Mechanism of action:
(1) Strong ribs can increase the volume of bread. Lipase breaks down the lipids contained in the flour. Triglyceride lipase decomposes non-polar triglycerides into mono/diglycerides. Phospholipases break down polar lecithin and galactolipids into lysolecithin. And mono/bi-galactose monoglyceride, this decomposition can form a stronger polar and hydrophilic structure, can better combine with water and gluten, form a stronger gluten network, while the polar lipid pair baking The volume of the product has an increasing effect.

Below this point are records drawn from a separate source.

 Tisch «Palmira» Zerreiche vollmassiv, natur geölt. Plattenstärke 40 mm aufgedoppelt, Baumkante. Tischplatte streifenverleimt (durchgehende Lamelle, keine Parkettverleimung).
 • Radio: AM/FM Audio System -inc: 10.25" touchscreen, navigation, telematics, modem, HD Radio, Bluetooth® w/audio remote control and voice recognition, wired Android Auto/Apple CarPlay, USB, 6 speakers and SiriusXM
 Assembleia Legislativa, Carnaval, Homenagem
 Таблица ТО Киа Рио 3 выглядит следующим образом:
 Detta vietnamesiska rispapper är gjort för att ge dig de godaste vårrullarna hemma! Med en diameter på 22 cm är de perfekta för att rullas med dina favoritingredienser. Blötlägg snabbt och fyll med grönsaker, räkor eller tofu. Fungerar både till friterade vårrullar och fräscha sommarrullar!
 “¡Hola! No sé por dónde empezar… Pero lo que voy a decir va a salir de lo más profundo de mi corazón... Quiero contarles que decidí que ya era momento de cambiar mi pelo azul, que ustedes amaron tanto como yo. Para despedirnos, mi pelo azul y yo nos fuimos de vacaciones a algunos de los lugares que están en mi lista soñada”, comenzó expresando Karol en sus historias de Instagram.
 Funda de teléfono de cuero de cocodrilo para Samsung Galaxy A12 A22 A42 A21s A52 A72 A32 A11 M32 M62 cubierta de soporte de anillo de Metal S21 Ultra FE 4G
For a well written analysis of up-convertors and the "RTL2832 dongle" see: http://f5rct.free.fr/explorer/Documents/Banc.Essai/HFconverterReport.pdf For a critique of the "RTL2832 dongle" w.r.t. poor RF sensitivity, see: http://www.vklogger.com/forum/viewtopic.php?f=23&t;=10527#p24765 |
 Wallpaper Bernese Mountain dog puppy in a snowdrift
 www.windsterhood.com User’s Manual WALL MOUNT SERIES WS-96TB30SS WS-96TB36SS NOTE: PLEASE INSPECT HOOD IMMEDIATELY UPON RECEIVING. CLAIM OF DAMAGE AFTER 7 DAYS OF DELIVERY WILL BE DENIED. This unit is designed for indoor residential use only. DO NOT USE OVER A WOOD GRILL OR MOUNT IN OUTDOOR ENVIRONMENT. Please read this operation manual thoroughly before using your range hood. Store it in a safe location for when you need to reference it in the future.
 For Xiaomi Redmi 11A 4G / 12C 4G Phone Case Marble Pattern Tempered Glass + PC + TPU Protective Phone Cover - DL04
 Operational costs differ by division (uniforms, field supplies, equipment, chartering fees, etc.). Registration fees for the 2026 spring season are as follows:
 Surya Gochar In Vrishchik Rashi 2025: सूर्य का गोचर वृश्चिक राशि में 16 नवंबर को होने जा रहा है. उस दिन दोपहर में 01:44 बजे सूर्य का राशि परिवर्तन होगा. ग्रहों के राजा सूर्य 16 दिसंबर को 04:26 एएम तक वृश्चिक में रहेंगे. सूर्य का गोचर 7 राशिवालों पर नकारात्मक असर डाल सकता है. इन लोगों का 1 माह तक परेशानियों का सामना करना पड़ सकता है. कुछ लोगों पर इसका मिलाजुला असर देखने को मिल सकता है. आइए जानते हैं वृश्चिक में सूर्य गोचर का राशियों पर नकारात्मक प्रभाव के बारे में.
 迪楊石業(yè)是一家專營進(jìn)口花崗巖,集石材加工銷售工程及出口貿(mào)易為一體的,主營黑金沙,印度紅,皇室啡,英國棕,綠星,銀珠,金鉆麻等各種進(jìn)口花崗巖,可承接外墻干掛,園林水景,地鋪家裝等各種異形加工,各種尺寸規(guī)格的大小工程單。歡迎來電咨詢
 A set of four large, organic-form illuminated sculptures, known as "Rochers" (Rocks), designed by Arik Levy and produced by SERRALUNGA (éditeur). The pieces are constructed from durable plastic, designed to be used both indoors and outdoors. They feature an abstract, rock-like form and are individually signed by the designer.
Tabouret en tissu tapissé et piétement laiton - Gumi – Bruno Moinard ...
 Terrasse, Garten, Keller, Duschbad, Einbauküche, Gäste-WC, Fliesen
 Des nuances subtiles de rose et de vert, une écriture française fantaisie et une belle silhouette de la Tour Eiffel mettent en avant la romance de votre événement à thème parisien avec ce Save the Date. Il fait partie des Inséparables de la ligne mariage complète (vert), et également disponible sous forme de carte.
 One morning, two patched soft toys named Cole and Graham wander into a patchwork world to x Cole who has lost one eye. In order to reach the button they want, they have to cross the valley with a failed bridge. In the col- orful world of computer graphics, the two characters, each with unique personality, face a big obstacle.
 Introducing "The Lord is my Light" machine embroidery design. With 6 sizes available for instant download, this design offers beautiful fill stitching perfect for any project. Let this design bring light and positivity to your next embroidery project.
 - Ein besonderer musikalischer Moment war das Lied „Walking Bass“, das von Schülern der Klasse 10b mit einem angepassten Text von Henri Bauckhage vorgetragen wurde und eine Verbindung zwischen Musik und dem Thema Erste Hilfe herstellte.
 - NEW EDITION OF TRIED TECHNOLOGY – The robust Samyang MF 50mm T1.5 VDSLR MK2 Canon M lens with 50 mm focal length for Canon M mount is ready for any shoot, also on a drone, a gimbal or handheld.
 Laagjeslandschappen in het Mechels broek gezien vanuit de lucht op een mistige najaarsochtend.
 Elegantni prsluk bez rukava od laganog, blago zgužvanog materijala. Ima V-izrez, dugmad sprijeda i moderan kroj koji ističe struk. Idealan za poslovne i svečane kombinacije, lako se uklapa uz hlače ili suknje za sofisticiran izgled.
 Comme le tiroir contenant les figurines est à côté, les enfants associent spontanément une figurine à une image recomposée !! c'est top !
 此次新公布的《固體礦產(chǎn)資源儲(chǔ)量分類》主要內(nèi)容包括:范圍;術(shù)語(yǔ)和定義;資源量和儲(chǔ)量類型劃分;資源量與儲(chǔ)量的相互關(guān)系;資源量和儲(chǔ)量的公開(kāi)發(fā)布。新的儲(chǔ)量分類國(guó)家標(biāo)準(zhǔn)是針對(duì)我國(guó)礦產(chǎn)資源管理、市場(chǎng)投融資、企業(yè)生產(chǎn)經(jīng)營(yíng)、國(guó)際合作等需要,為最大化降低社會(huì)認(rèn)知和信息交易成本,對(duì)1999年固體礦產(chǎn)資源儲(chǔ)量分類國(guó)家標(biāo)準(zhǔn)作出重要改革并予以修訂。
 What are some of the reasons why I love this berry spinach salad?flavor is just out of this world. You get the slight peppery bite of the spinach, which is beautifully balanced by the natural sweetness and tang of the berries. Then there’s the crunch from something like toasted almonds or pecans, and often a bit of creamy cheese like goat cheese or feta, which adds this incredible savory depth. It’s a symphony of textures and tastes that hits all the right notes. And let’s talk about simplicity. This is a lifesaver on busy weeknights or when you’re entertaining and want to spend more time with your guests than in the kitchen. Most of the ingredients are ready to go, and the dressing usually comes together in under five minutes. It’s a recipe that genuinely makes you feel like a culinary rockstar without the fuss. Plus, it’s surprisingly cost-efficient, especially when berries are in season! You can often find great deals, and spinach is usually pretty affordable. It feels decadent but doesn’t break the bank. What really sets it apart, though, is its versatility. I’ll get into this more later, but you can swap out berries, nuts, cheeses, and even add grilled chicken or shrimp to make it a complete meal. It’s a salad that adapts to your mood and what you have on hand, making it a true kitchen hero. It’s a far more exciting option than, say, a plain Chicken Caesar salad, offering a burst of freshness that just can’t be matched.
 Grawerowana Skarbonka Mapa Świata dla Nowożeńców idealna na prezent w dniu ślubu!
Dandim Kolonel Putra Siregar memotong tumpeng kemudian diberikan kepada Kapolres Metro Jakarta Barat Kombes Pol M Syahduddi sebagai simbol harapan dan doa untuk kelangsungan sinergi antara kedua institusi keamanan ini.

(2) Improve the structure of the bread core, make it delicate and soft, and increase the shelf life of the bread. Lipase decomposes to produce ester/lipid substances, which act as an emulsifier to increase the softness of the bread, which is also a direction to replace or reduce the emulsifier. Triglyceride lipase hydrolyzes fat to form glycerol which can combine with starch to form a complex, delaying the aging of starch
3
Oxidant
The more commonly used oxidant is L-ascorbic acid, which inhibits the activity of protease, prevents protease from catalyzing the hydrolysis of gluten and weakens gluten, and oxidizes the -SH group in glutenin to -SS- bond, thereby enhancing the gluten strength and improving The rheological properties of the dough and the baking quality of the bread.
4
reducing agent
The more commonly used reducing agent is glutathione, which is a combination of glutamic acid, cysteine and glycine, and contains a thiol-containing tripeptide. Therefore, it has an anti-oxidation and activating protease action, thereby increasing gluten ductility (shortening agitation, Fermentation time) prevents the effects of aging.
5
Calcium salt
It mainly includes calcium carbonate, calcium sulfate and acidic calcium phosphate. The main functions include improving the hardness of water, adjusting the pH of the dough, providing a yeast growth environment, and allowing the yeast to grow in an optimum pH 5-6 environment to fully exert the yeast activity. When the calcium ions in the dough reach a certain concentration, the α-amylase can be maintained in an appropriate conformation to maintain its maximum activity and stability.
6
Ammonium salt
Mainly used as a nutrient source of yeast to promote fermentation.